Personal information
- Born: May 31, 1910 New Albin, Iowa, U.S.
- Died: December 18, 1988 (aged 78) Carmichael, California, U.S.
- Listed height: 6 ft 0 in (1.83 m)
- Listed weight: 199 lb (90 kg)

Career information
- High school: La Crosse (WI)
- College: Wisconsin

Career history
- Green Bay Packers (1931–1940);

Awards and highlights
- 3× NFL champion (1931, 1936, 1939); Green Bay Packers Hall of Fame; 2× Second-team All-Big Ten (1929, 1930);

Career statistics
- Games played: 103
- starts: 71
- Yards receiving: 1,299
- Touchdowns: 8
- Stats at Pro Football Reference

= Milt Gantenbein =

American football player (1910–1988)

Milton Edward Gantenbein (May 31, 1910 – December 18, 1988) was an American football player who played on three championship teams, as an end and as a defensive end for the Green Bay Packers from 1931 to 1940.

==Biography==

Milt Gantenbein was born May 31, 1910, in New Albin, Iowa.

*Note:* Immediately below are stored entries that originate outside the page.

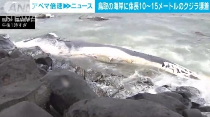 鳥取縣有關(guān)部門判斷這條鯨魚為塞鯨或布氏鯨,推斷已死亡很長(zhǎng)時(shí)間,尸體表面已經(jīng)開始腐爛變色,當(dāng)?shù)卣趯?duì)處理方法進(jìn)行商討。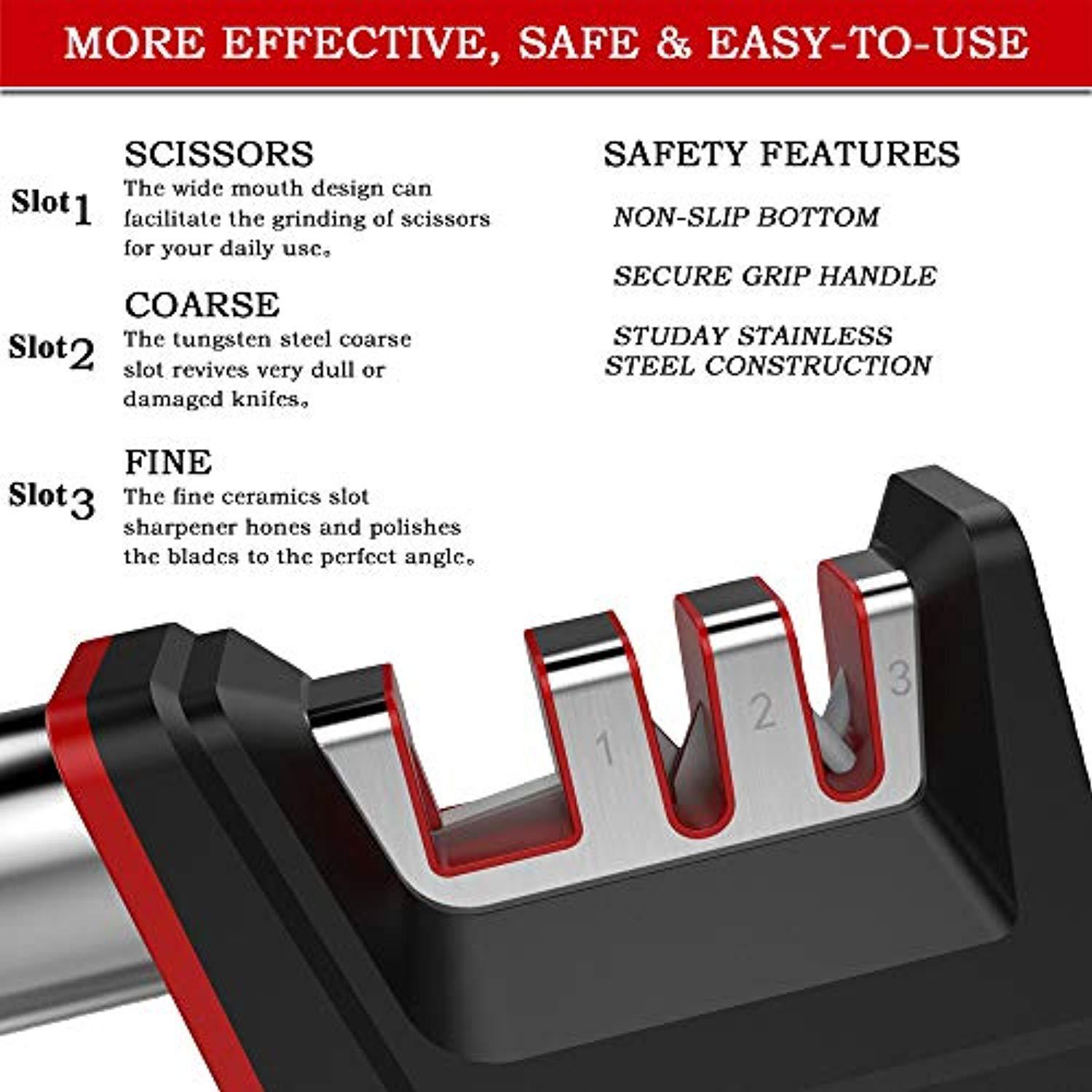 • MORE EFFECTIVE, SAFE & EASY-TO-USE - The coarse slot revives very dull or damaged knives. The fine ceramic knife sharpener hones and polishes the blade to the perfect angle. The wide mouth design by carbide can facilitate the grinding of scissors for your daily use. Our non-slip grip bottom keeps the pocket knife sharpener steady and easy to hold. Sharpening has never been easier.
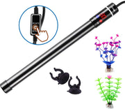 500W Digital Aquarium Heater, Submersible Fish Tank Heater with Readout for Saltwater or Freshwater 60-100-150 Gallon, Thermostat Titanium Safe External Controller, Gift of 2 Artificial Plants
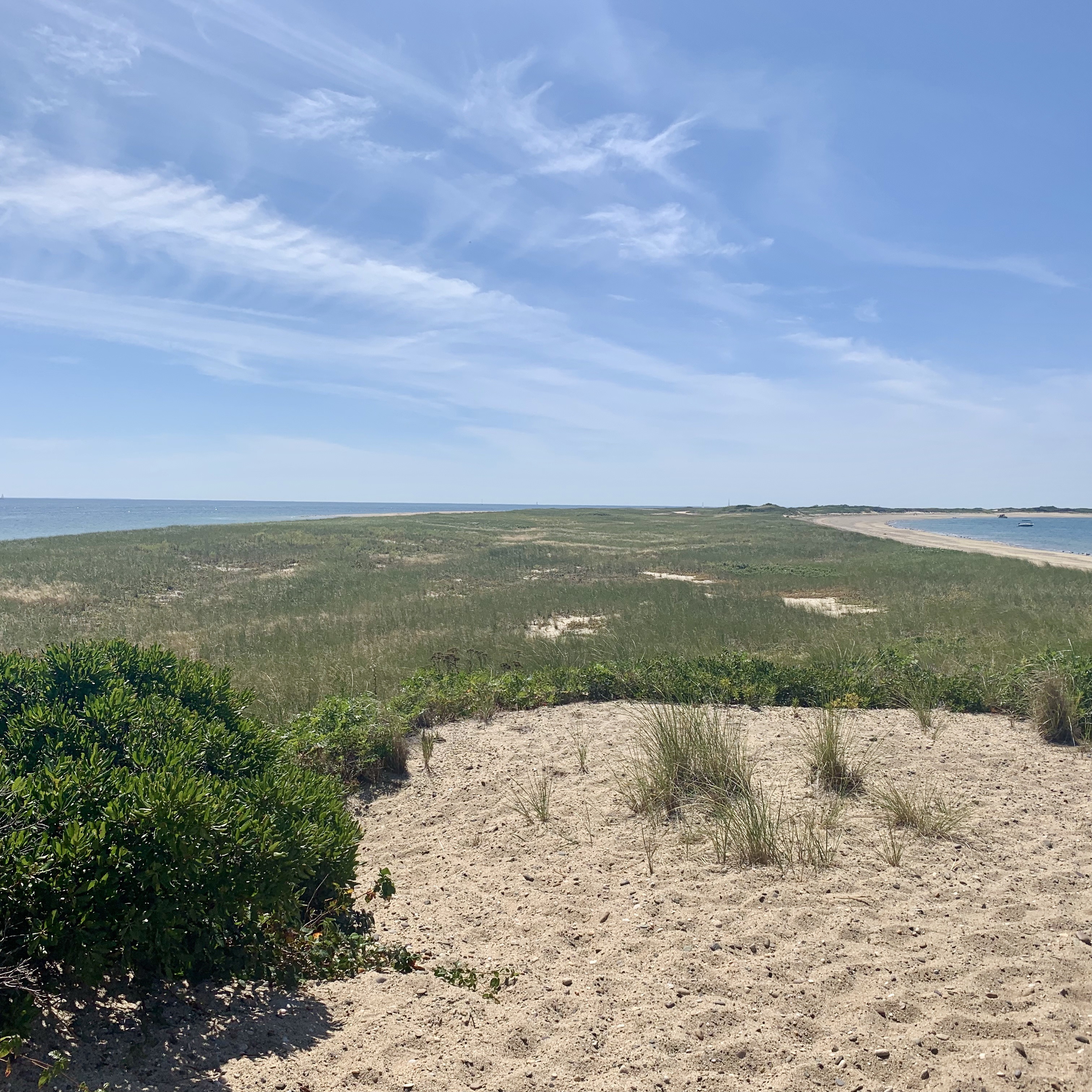 After we pulled our kayaks up on the beach we walked around a bit and took the obligatory selfies in front of Long Point lighthouse which was constructed back in the early 1800s. Neither Ed nor I felt much like sitting still so we put our kayaks back in the water, hugging the coastline and coming to shore so I could snap this photo (see below) which shows how narrow the dunes get: below is a photo of open ocean on the left and Ptown’s sheltered harbor on the right.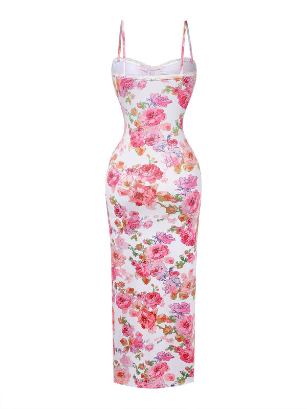 Robe longue moulante bretelles floral rose 1980s – Retro Stage-France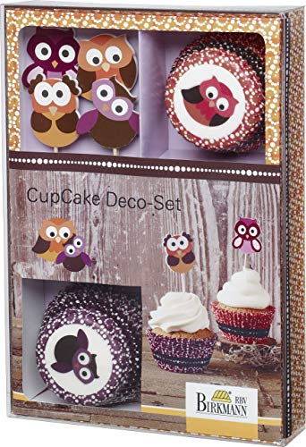Questo materiale decorativo con motivo a gufi alla moda valorizza le decorazioni dei piccoli cupcake con stile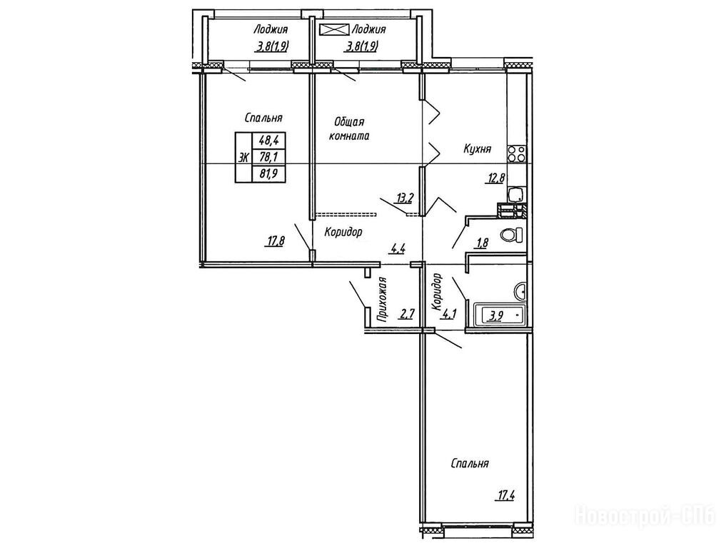 4-комн. квартира 81,40 м2 12 291 400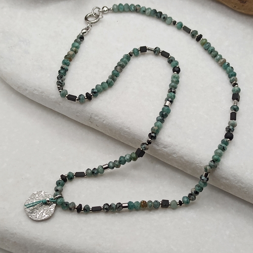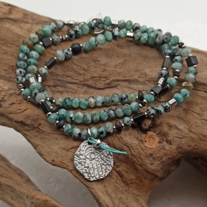 Naszyjnik w stylu boho wykonany ręcznie w jednym egzemplarzu z naturalnych kamieni o subtelnej, pastelowej kolorystyce. Kompozycję tworzą fasetowane oponki agatu w odcieniach zieleni i turkusu (4x3mm), przełamane akcentami matowego czarnego onyksu. Całość dopełnia zawieszka ze stali szlachetnej w formie fakturowanej monety z motywem Hamsy (15mm) - symbolu ochrony i dobrej energii.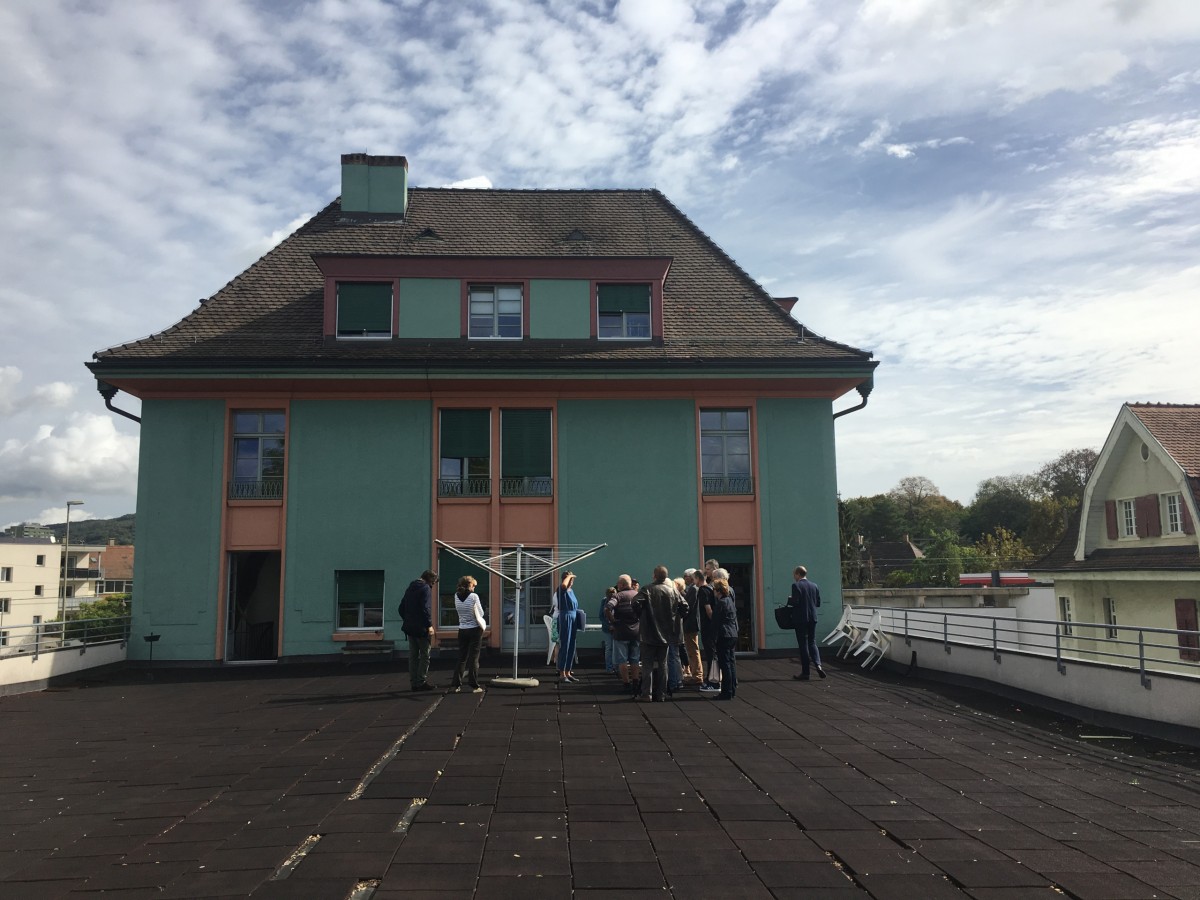 Brigitte Frei-Heitz, kantonale Denkmalpflegerin, führte die interessierten Besucherinnen und Besucher durch das im Jahr 1927 eröffnete erste Kino im Baselbiet. In den 1950er Jahren wurde es leicht umgebaut und erhielt ein elegantes Vordach und den neuen Namen Roxy. Das Roxy steht seit dem Jahr 2008 - auf Betreiben der Eigentümer - unter Schutz. Die Leute waren sehr interessiert an der Führung und freuten sich, hinter die Kulissen des Roxy blicken zu dürfen. Sie durften eine der Wohnungen besichtigen, auf der riesigen Terrasse stehen und von dieser ungewohnten Perspektive auf Birsfelden schauen. Für Brigitte Frei ist das Roxy ein gutes Beispiel dafür, dass dank überlegtem Handeln und einem gemächlichen Tempo auch mit wenig zur Verfügung stehenden finanziellen Mitteln der spezielle Charme des Hauses erhalten geblieben ist. Heute ist das ROXY Veranstaltungs- und Produktionsort für die freie, zeitgenössische Theater-, Tanz- und Performanceszene.
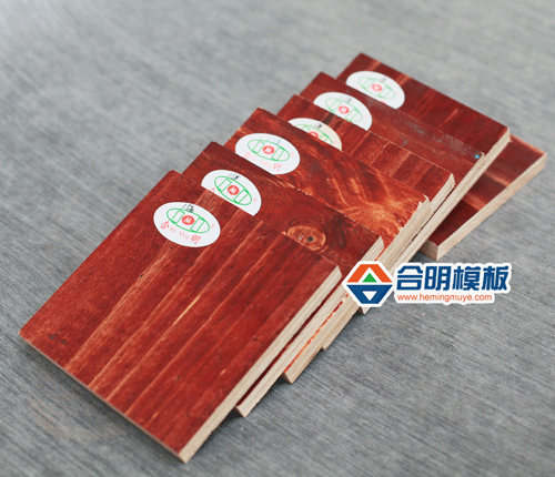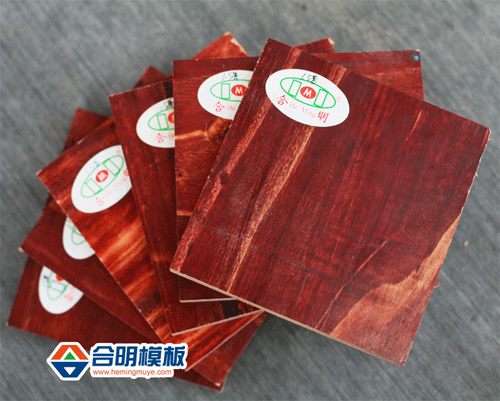 与其他种类模板不同的是,合明苯酚板除了芯板滚足酚醛胶,上下面板也各滚一层足量的酚醛胶,这层酚醛胶是合明胶水厂特制胶水,比其他三聚氰胺胶和脲胶胶性更强,防水防腐,在混泥土和模板中间起到隔阂作用,防止泥沙雨水侵入保护模板,使模板更耐用。

The former University of Wisconsin–Madison standout was a member of three National Football League (NFL) championship teams under head coach Curly Lambeau. In 1931, his rookie year, the sure-handed Gantenbein was the perfect complement to deep-threat Laverne Dilweg in Lambeau's pass-oriented offense and was a solid addition at defensive end. Green Bay's defense limited opponents to 87 points and had five shutouts, while the Packer offense compiled 291 points in fashioning a 12-2 record and winning a third league championship title in the 1931 NFL season. Gantenbein continued as a two-way starter for the next three seasons, playing in the shadow of Dilweg and Johnny Blood.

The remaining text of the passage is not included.